Graph (a) plots amount of yeast versus time of growth in hours. The curve rises steeply, and then plateaus at the carrying capacity. Data points tightly follow the curve. Graph (b) plots the number of harbor seals versus time in years. Again, the curve rises steeply then plateaus at the carrying capacity, but this time there is much more scatter in the data. A micrograph of yeast cells, which are oval in shape, and a photo of a harbor seal are shown.
Figure 5.6 (a) Yeast grown in ideal conditions in a test tube shows a classical S-shaped logistic growth curve, whereas (b) a natural population of seals shows real-world fluctuation.
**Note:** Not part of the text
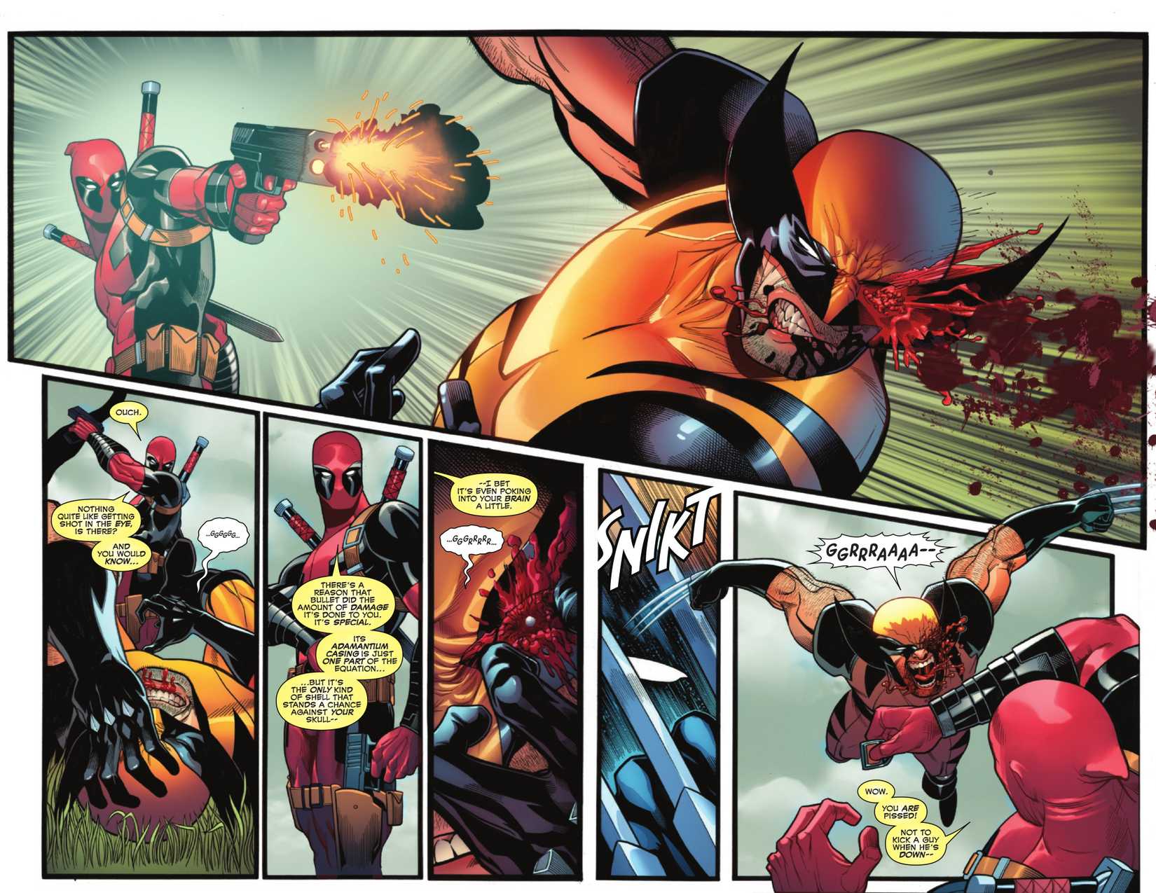 El plan de Deadpool para derribar a Wolverine tiene múltiples etapas, comenzando con Deadpool organizando un ataque secreto contra el X-Man en un ascensor del hotel con una “niebla nano-neutralizador”. Esto pone el factor de curación mutante de Wolverine en el Fritz, lo que permite a Deadpool aprovechar al máximo más adelante. Cuando los dos quedan solos, Deadpool muestra su mano y dispara a Wolverine en el ojo con una bala de camisa de adamantium, explicando que “Es el único tipo de caparazón que tiene una oportunidad contra tu cráneo” Agregar que la bala probablemente está empujando al cerebro de Logan.

The yeast is visualized using differential interference contrast light micrography. (credit a: scale-bar data from Matt Russell)

Population Dynamics and Regulation

The logistic model of population growth, while valid in many natural populations and a useful model, is a simplification of real-world population dynamics. Implicit in the model is that the carrying capacity of the environment does not change, which is not the case. The carrying capacity varies annually. For example, some summers are hot and dry whereas others are cold and wet; in many areas, the carrying capacity during the winter is much lower than it is during the summer. Also, natural events such as earthquakes, volcanoes, and fires can alter an environment and hence its carrying capacity. Additionally, populations do not usually exist in isolation. They share the environment with other species, competing with them for the same resources (interspecific competition). These factors are also important to understanding how a specific population will grow.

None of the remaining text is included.